With regards emotion, I ask him about the Musical March for Justice he led last year, following the murder of George Floyd, and the importance of channelling what must be intense anger into something peaceful. He calls it “foolish” to hold onto rage. When you’re incensed, he says, “you should feel compelled to do something with that feeling [but] you can’t let that initial anger lay in your spirit for too long, it will destroy you.” As well as life, he continues, music can embody spirit, “important in times when emotions can get the best of us. That’s why people have music as a part of ritual, the Native Americans had sacred dances, there’s music for worship, Negro Spirituals that people sung to get through the enslavement of our ancestors.” In the direst scenarios, he says, in which “the deepest levels of anger” might engulf people, they use music to surpass that.

With him at a piano, I request a teaser from the Broadway musical he’s working on about artist Jean-Michel Basquiat. “No, I can’t, unfortunately,” he says, “but you’ll see it, it will come together in a way that is marvellous.” Basquiat was “beyond great. One of those people who influenced fashion, music, visual arts, culture at large.” Of Haitian and Puerto Rican descent, he was born in Brooklyn, and died when he was just 27. In 2017 his 1982 work, Untitled sold for $110.5 million, becoming the sixth most expensive work ever sold at auction. The paintings of Picasso and Matisse sell for that kind of money, Batiste says, not the work of somebody with Basquiat’s background – “a rare thing, a really great thing to make a musical about.”

With our 15 minutes coming to an end, I wonder what genre of music for him best sums up 2020 and the beginning of 2021. “Social music. Music taken from the past, [with] inspirations of the present, to create the future. We got to rebuild the future right now, both in reality and artistically. We have to use the power of our minds to imagine what the future will look and sound like.
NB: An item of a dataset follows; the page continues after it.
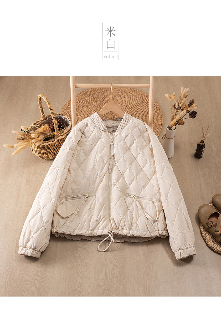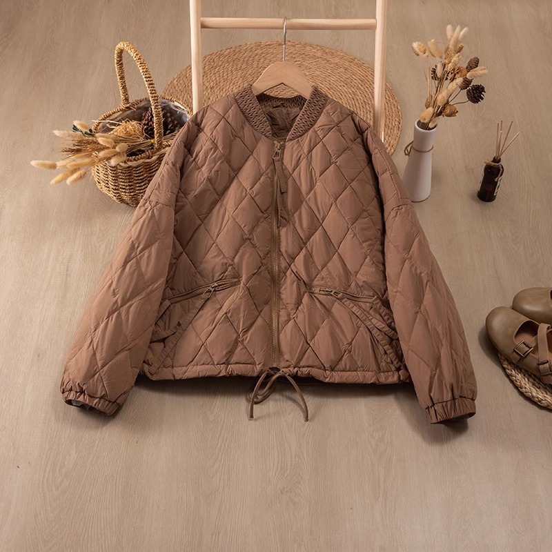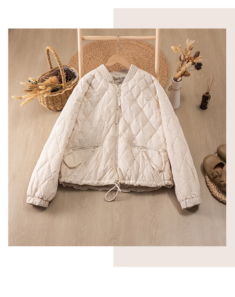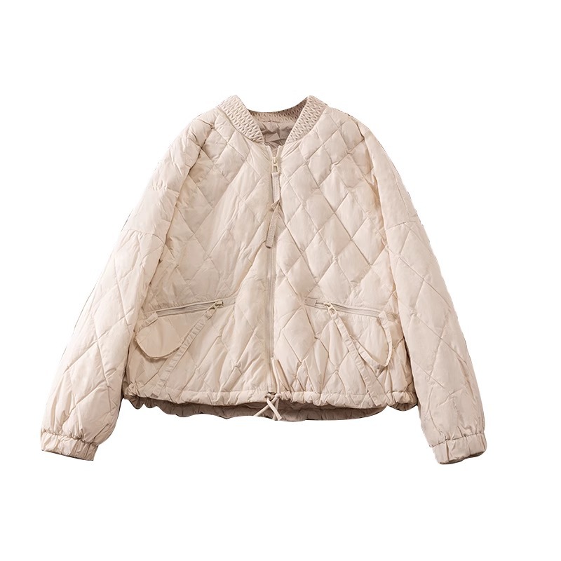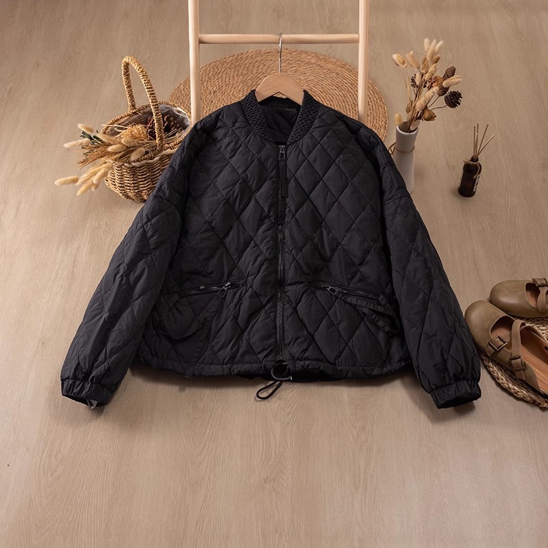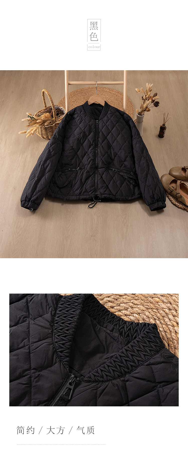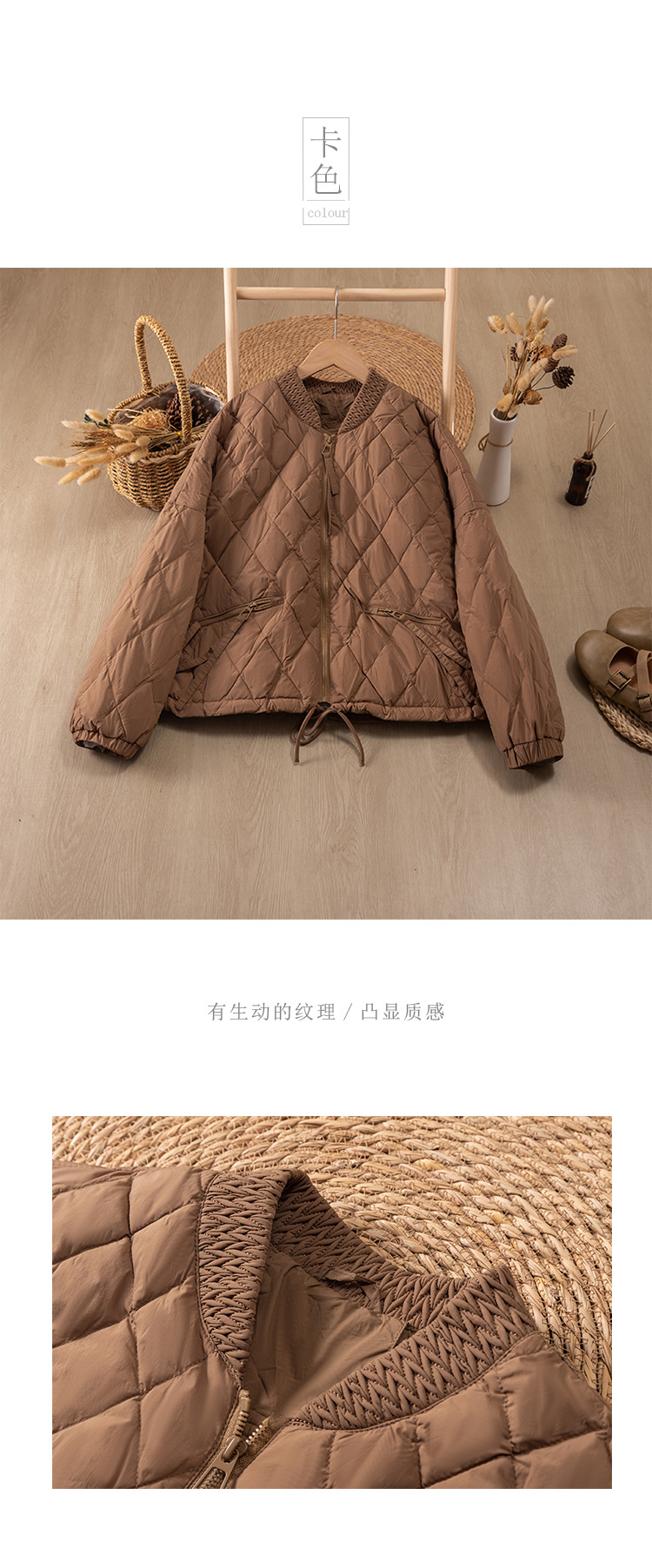23803 느슨한 짧은 재킷 여자의 2024 새로운 겨울 다이아몬드 칼라 작은 따뜻한 재킷

“Look,” he then says, before hitting his keys and singing an “ooh”. What’s he listening to right now? Again, he sings, this time the opening notes of BTS’ ‘Dynamite’. The South Korean vocal band have “a good vibe”. He’s also been playing video game tracks from when he was a child. “Oh man, I’ve been gaming,” he states of his lockdown. “I just got to get a new TV now, I want a projector.” He’s got Super Nintendo, NES, Sega Genesis, PlayStation 4, and PlayStation One. I was a PlayStation 2 kid, I tell him, not wishing to offend him by pointing out I’m a few years younger. “Of course not,” he reassures once more, “so you’re PlayStation 2, PlayStation One was for me, that was my youth. My favourite game was Final Fantasy VII which just came back out on PlayStation 4.”

And of course, he plays me the theme, and not long after seems to pluck a basketball out of thin air… (This is the best Friday night I’ve had in some time.)

I always ask those I interview if there’s anything more they want to add when I’ve finished my questions. “Yes, indeed,” he repeats, then: “Snap into a Slim Jim!”

Yeah, we talked a fair bit about old school wrestlers too.

We Are is set for worldwide release on 19 March on Verve Records.